The Tivo could care less what type of discs you use. The DVD recorder is just recording from the analog outputs of the Tivo, so of course it will work as "claimed".


----------



## A J Ricaud (Jun 25, 2002)

Just remember that you have to set the HD Tivo's output resolution to 480i while the DVD/VCR is recording, then switch it back to high definition (i.e. 720P or 1080i) when done.


----------



## JimSpence (Sep 19, 2001)

The DVD recorder will care which DVD format discs are being used. Not all recorders can use both - and +.


----------



## michael1248 (Feb 14, 2002)

I just bought a Samsung DVD Recorder and seem to rememeber there was talk a while back on how to "Save To VCR-DVD" and make sure the aspect ration is not "squished." If I am recording from my (widescreen) setup, how do I make sure that the picture will play correctly on a non-widescreen TV?


----------



## misterdk (Dec 31, 2005)

I just brought home my new DVD recorder. I went for the L/G LRY-517. I read some favorable reviews on the unit and it seems to have just about all the currently available bells and whistles. I'll let the Forum know how it performs for me. Another comment....and I'm probably not the first to say it, but, I'm pretty disappointed in the HD picture quality. It is not "stunningly vibrant beyond my wildest expectations..." or words to that effect. But I'll give it time. I'm using the Hughes HR10-250 HDDVR with a Phillips 37" HD LCD TV. I connect the DVR to TV via the HDMI cable and I'm using a digital optical audio cable into my Yamaha HTR-5740 receiver. I'd like to hear other opinions about the HD quality that you are receiving. I didn't really expect "night and day" difference but I was hoping.......
Thanks for the tips and comments.


----------



## A J Ricaud (Jun 25, 2002)

Usually, the difference between SD and HD is pretty dramatic. What resolution do you have the HD Tivo set at? Is it possible that you have it set at SD resolution, i.e. 480i/480p?

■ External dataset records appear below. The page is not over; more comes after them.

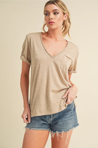 Upgrade your style with the Zoie T-shirt features a short rolled sleeves for a lived-in look and raw seam detailing at the v-neckline and short sleeves for an edgy touch.
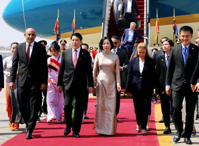 Chủ tịch nước Lương Cường đến Cairo, bắt đầu chuyến thăm cấp Nhà nước Cộng hòa Arab Ai Cập
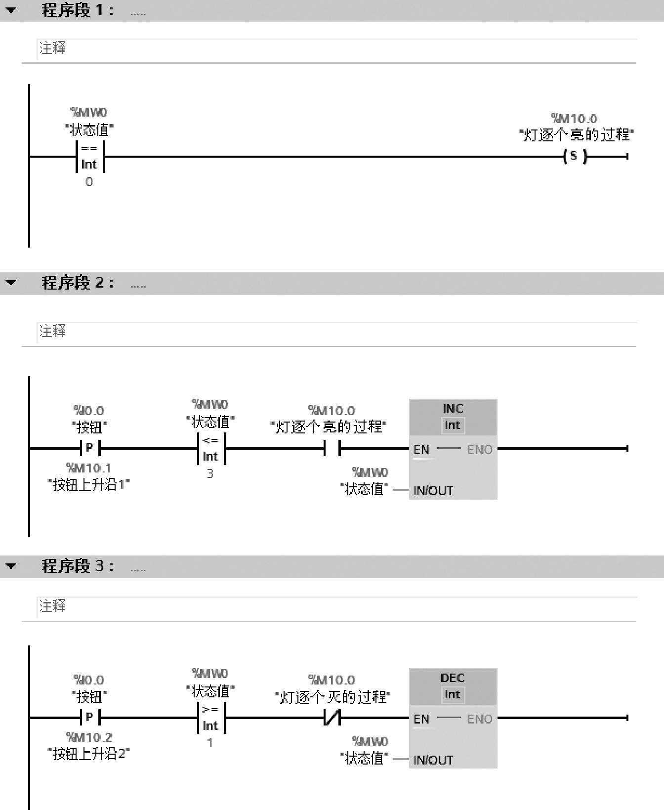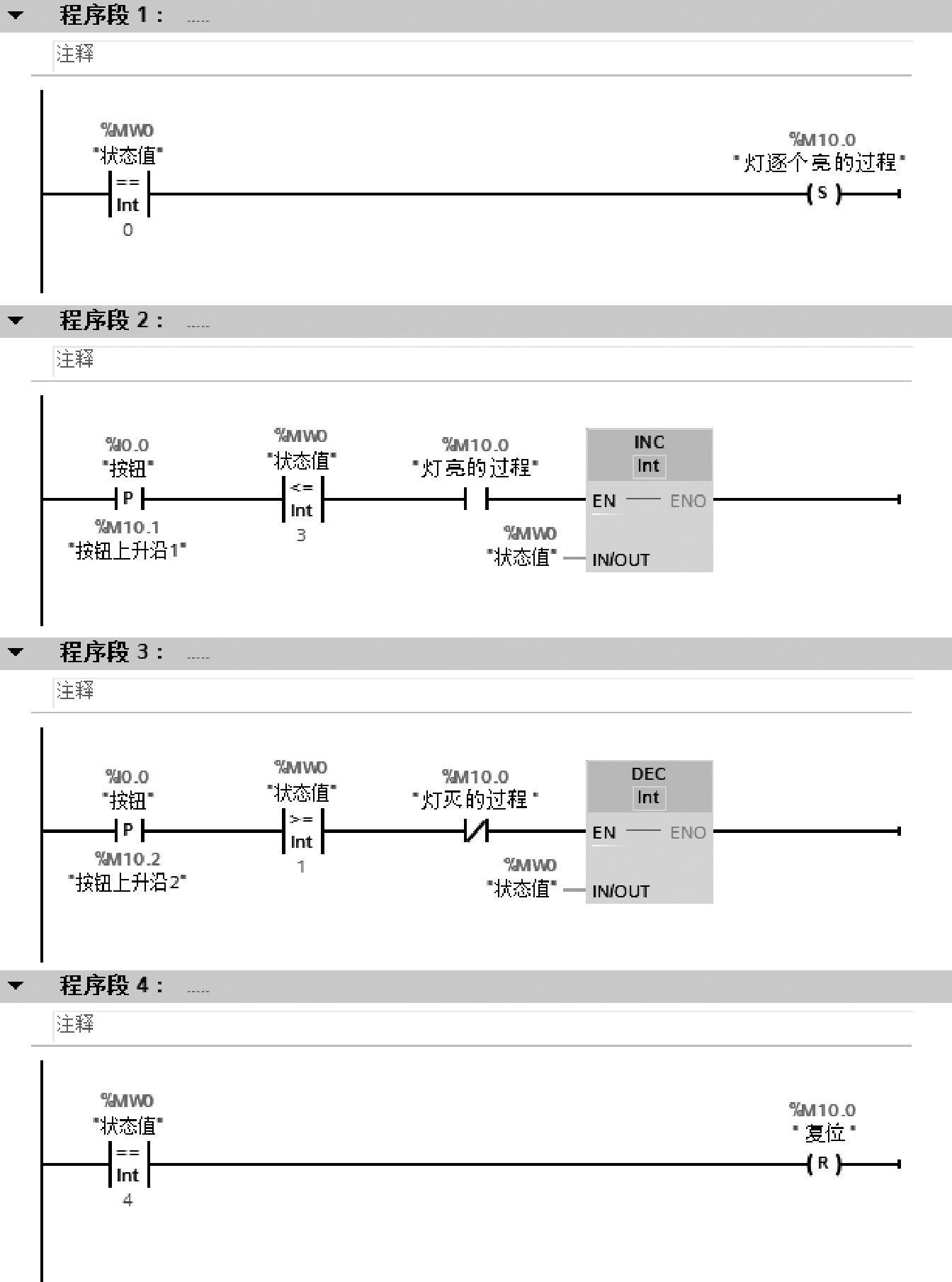 根据任务要求,设置一个状态值变量MW0,当MW0=0时开始,按下按钮,MW0依次加1(INC指令),直至MW0=4,进入灯逐个亮的过程;待MW0=4后,进入灯逐个灭的过程,此时,MW0依次减1(DEC指令),直至MW0=0,进行下一个循环。
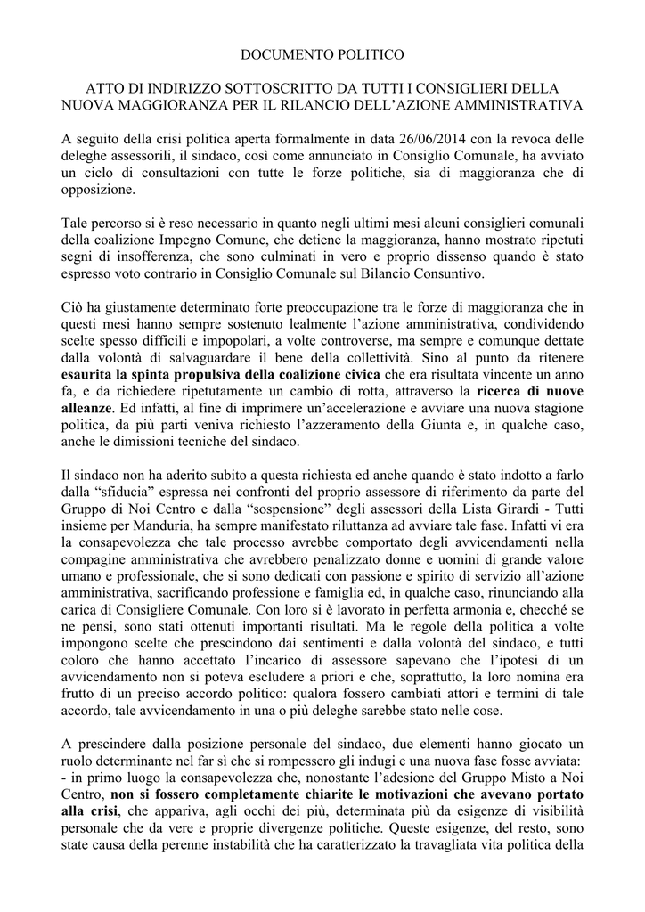 DOCUMENTO POLITICO ATTO DI INDIRIZZO SOTTOSCRITTO DA TUTTI I CONSIGLIERI DELLA NUOVA MAGGIORANZA PER IL RILANCIO DELL’AZIONE AMMINISTRATIVA A seguito della crisi politica aperta formalmente in data 26/06/2014 con la revoca delle deleghe assessorili, il sindaco, così come annunciato in Consiglio Comunale, ha avviato un ciclo di consultazioni con tutte le forze politiche, sia di maggioranza che di opposizione. Tale percorso si è reso necessario in quanto negli ultimi mesi alcuni consiglieri comunali della coalizione Impegno Comune, che detiene la maggioranza, hanno mostrato ripetuti segni di insofferenza, che sono culminati in vero e proprio dissenso quando è stato espresso voto contrario in Consiglio Comunale sul Bilancio Consuntivo. Ciò ha giustamente determinato forte preoccupazione tra le forze di maggioranza che in questi mesi hanno sempre sostenuto lealmente l’azione amministrativa, condividendo scelte spesso difficili e impopolari, a volte controverse, ma sempre e comunque dettate dalla volontà di salvaguardare il bene della collettività. Sino al punto da ritenere esaurita la spinta propulsiva della coalizione civica che era risultata vincente un anno fa, e da richiedere ripetutamente un cambio di rotta, attraverso la ricerca di nuove alleanze. Ed infatti, al fine di imprimere un’accelerazione e avviare una nuova stagione politica, da più parti veniva richiesto l’azzeramento della Giunta e, in qualche caso, anche le dimissioni tecniche del sindaco. Il sindaco non ha aderito subito a questa richiesta ed anche quando è stato indotto a farlo dalla “sfiducia” espressa nei confronti del proprio assessore di riferimento da parte del Gruppo di Noi Centro e dalla “sospensione” degli assessori della Lista Girardi - Tutti insieme per Manduria, ha sempre manifestato riluttanza ad avviare tale fase. Infatti vi era la consapevolezza che tale processo avrebbe comportato degli avvicendamenti nella compagine amministrativa che avrebbero penalizzato donne e uomini di grande valore umano e professionale, che si sono dedicati con passione e spirito di servizio all’azione amministrativa, sacrificando professione e famiglia ed, in qualche caso, rinunciando alla carica di Consigliere Comunale. Con loro si è lavorato in perfetta armonia e, checché se ne pensi, sono stati ottenuti importanti risultati. Ma le regole della politica a volte impongono scelte che prescindono dai sentimenti e dalla volontà del sindaco, e tutti coloro che hanno accettato l’incarico di assessore sapevano che l’ipotesi di un avvicendamento non si poteva escludere a priori e che, soprattutto, la loro nomina era frutto di un preciso accordo politico: qualora fossero cambiati attori e termini di tale accordo, tale avvicendamento in una o più deleghe sarebbe stato nelle cose. A prescindere dalla posizione personale del sindaco, due elementi hanno giocato un ruolo determinante nel far sì che si rompessero gli indugi e una nuova fase fosse avviata: - in primo luogo la consapevolezza che, nonostante l’adesione del Gruppo Misto a Noi Centro, non si fossero completamente chiarite le motivazioni che avevano portato alla crisi, che appariva, agli occhi dei più, determinata più da esigenze di visibilità personale che da vere e proprie divergenze politiche. Queste esigenze, del resto, sono state causa della perenne instabilità che ha caratterizzato la travagliata vita politica della nostra Città, e che nell’arco di 20 anni ha visto fallire tutte le compagini amministrative, indipendentemente dal loro colore politico. Si sente perciò l’esigenza di riportare la dialettica politica cittadina nell’alveo della “normalità”, con un sindaco ed una maggioranza che governano per cinque anni ed un’opposizione che funge da pungolo e da stimolo, e nel frattempo si prepara per offrire una proposta migliore al giudizio degli elettori. Ma per arrivare a questo, occorre una fase di transizione in cui tutte le forze politiche responsabili si uniscano nell’intento di rendere inefficace l’azione destabilizzante di singoli o di piccoli gruppi, facendo prevalere una volta per tutte la logica delle idee e dei programmi su quella dei numeri. - in secondo luogo, la percezione da parte del sindaco, maturata attraverso vari incontri formali ed informali con partiti e singoli consiglieri della minoranza, che tale esigenza di stabilità fosse da loro condivisa. Tutti si auguravano di non essere protagonisti o testimoni dell’ennesimo scioglimento anticipato della consiliatura e alcuni si dichiaravano sin da subito pronti a definire alcuni punti programmatici sulla base dei quali condividere responsabilità di governo cittadino. Alla luce di tutto ciò, il sindaco dichiarava nella seduta di Consiglio Comunale del 24/06/2014 l’apertura della crisi e informava tutti i consiglieri comunali che si sarebbe avviata una nuova fase politica con l’obiettivo di costituire, a partire dalla maggioranza democraticamente eletta, una coalizione di governo la più ampia possibile, in cui fossero rappresentate a pieno titolo, se lo avessero voluto, anche forze politiche sinora collocate all’opposizione. Al fine di rendere praticabile tale ipotesi, veniva fatto esplicito riferimento alla pari dignità delle forze politiche, presupposto indispensabile per superare le disparità determinate dalla distribuzione del premio di maggioranza e non dall’effettivo consenso elettorale. Ciò sta a significare che ogni forza politica che si fosse dichiarata disponibile ad assumere responsabilità diretta nel governo della Città avrebbe avuto diritto ad una rappresentanza in Giunta, così come del resto è stato sinora, indipendentemente dalla consistenza numerica del gruppo di riferimento. Su tale base il sindaco ha avviato un ciclo di consultazioni ufficiali con tutte le forze politiche presenti in Consiglio, il cui esito, reso noto nella riunione congiunta della potenziale maggioranza tenutesi nella serata del 05/07/2014 presso la se
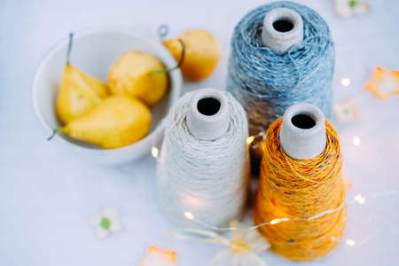 Three natural gray, yellow and white tweed yarn in bobbins for knitting and handmade in winter
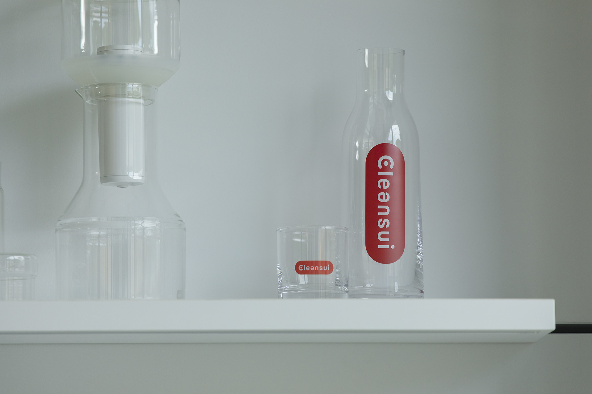 館内には浄水器やボトルなどの製品が並ぶ。クリンスイハウスのロゴはTSDOの佐藤卓が制作。
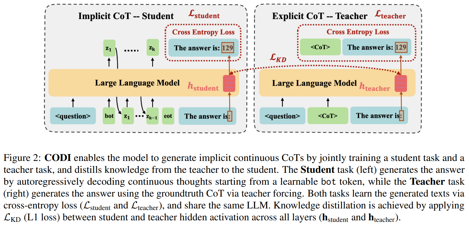 Teacher는 Explicit CoT를 진행하며 CoT 토큰과 정답 토큰을 학습하고, Student는 Implicit CoT를 진행하여 언어 토큰 생성 없이 hidden state를 생성하고, eot를 통해 답을 말하게 됨
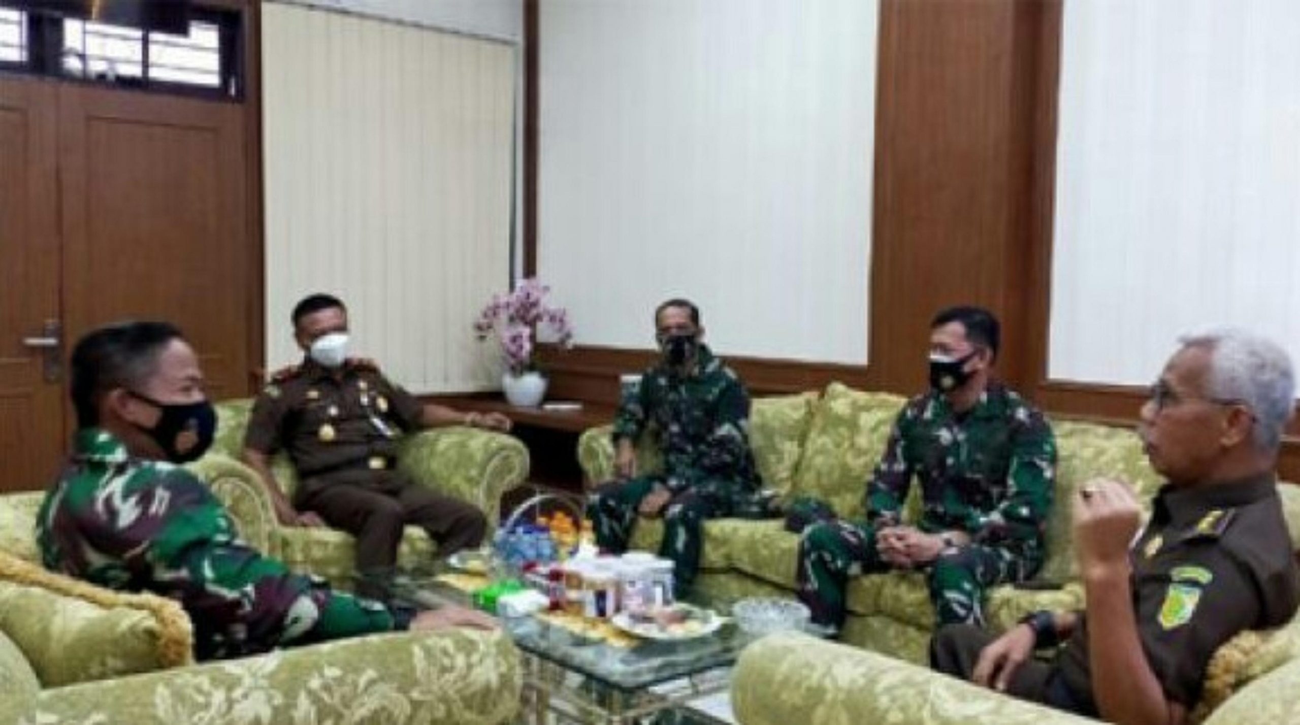 Kunjungan Pangdam I/BB Mayjen TNI Hassanudin SIP, MM ke Kantor Kejaksaan Tinggi Sumatera Utara (Kejatisu) tersebut tampak didampingi Asop, Kapendam,Waka Aster Kasmin, Kakundam I/BB.

Also, you may have watched an upconverted program that is not really HD.


----------



## misterdk (Dec 31, 2005)

My resolution is at 1080i. What I've observed so far is that any Live broadcast in HD has the very best image. But some of the older movies I've seen on the HD channels don't seem to come close to let's say a live football game. does everybody here say that ALL shows on an HD channel are dramatically different from SD shows? Has anybody used one of the calibration discs I've heard about? Are they worth buying and using? Thanks.


----------



## rlj5242 (Dec 20, 2000)

misterdk said:


> Has anybody used one of the calibration discs I've heard about? Are they worth buying and using?


 I think that almost everyone on the this section of the forum has used one and most find the results worth the price. There are a few that have paid real money ($500+) for a professional calibration. Again, those people found it to be worth the money.

-Robert


----------



## kimsan (Jan 23, 2002)

michael1248 said:


> I just bought a Samsung DVD Recorder and seem to rememeber there was talk a while back on how to "Save To VCR-DVD" and make sure the aspect ration is not "squished." If I am recording from my (widescreen) setup, how do I make sure that the picture will play correctly on a non-widescreen TV?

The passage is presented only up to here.